Pour y parvenir, il faut pratiquer la « méthode critique » qui consiste à authentifier la source des documents (critique externe) et à évaluer leur cohérence (critique interne).

Elle implique l'étude des supports matériels, la traduction et l'interprétation des textes, le croisement des témoignages, etc.

Certes, cette méthode exigeante réduit la part de données factuelles qui peuvent être établies.

Mais au moins, la communauté des historiens offre à celles qui peuvent l'être une certitude solide. Mais, parmi la masse innombrable des faits que rencontre l'historien, lesquels doit-il choisir de relater ? Ceux qui engagent de façon décisive la vie des sociétés, semble-t-il.

D'où l'intérêt longtemps presque exclusif de l'historien pour les actes des gouvernants, intrigues, batailles, traités. À cette priorité accordée à l'histoire politique, Voltaire opposait, dans son Essai sur les moeurs, le souci d'étudier le soubassement social, économique, moral sans lequel on ne la comprend pas.

C'est dans cet esprit qu'au XXe siècle, en France, le mouvement dit de la « nouvelle histoire » a ouvert de nouveaux territoires à l'historien : la démographie, les mentalités, l'économie, les techniques.

C'est ainsi qu'on a étudié l'enfant et la famille sous l'Ancien Régime, la femme dans la société médiévale, l'évolution du prix du blé au xviiie siècle, etc., tous domaines dans lesquels la condition des hommes évolue lentement et sous l'effet de facteurs impersonnels. Mais l'histoire doit prendre aussi en charge le passé récent des sociétés.

Lorsque ce passé a été marqué par des événements tragiques, ceux qui les ont vécus ont à coeur de transmettre leur témoignage.

C'est ainsi que s'est exprimée, depuis une vingtaine d'année, en France notamment, l'affirmation d'un devoir de mémoire.

Comment les historiens doivent-ils y répondre ? 1° La construction du fait historique. Le fait historique est un fait passé, donc n'est pas observable.

Mais on peut reconstruire le fait passé à partir de ses « traces » présentes, des « documents » qui subsistent (nous avons vu que même en physique il n'est pas d'observation passive du donné).

Ces documents sont d'abord les témoignages, les récits qui nous ont légués les générations précédentes.

Mais ces récits, malheureusement, n'ont pas toujours été établis selon les exigences de l'esprit scientifique.

Nous pouvons connaître l'histoire romaine d'après Tite-Live, mais Tite-Live n'a fait que reprendre les écrits de ses prédécesseurs Polybe ou Valérius Antias.

Et quelle garantie nous offrent les premiers témoins ? On a dit que l'historien se trouve dans la condition d'un physicien qui ne connaîtrait les faits que par le compte rendu d'un garçon de laboratoire ignorant et menteurs.

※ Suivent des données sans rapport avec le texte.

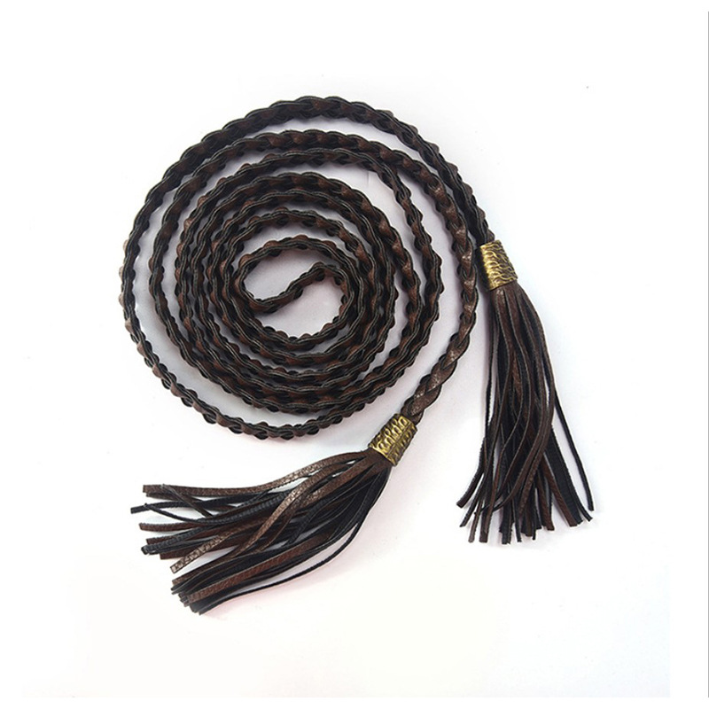 크로스보더 패션 심플한 프린지 땋은 벨트 드레스 장식용 블랙 허리 체인 프린지 요소 가죽 벨트스토어 가기

L'historien ne peut utiliser un témoignage qu'en prenant toute une série de précautions dont l'ensemble constitue la Critique. La Critique implique non pas un refus systématique, mais un choix éclairé (au sens étymologique grec, c'est le tri, le discernement).

La Critique est simplement « une méthode scientifique destinée à distinguer le vrai du faux en histoire » (Halkin in « Initiation à la critique historique »).

Dans leur ouvrage fondamental, « Introduction aux études historiques » (1897), Langlois et Seignobos observent que « de même que l'instinct naturel d'un homme à l'eau est de faire tout ce qu'il faut pour se noyer », de même c'est la crédulité naïve qui est spontanée tandis que la critique est « contre-nature ».

Mais pour être un bon historien, il faut que « cette attitude contre-nature devienne une habitude organique ».

Tout d'abord, la critique externe[1] se propose de rétablir les témoignages qui nous sont parvenus, dans leur authenticité primitive, de faire la chasse aux interpolations.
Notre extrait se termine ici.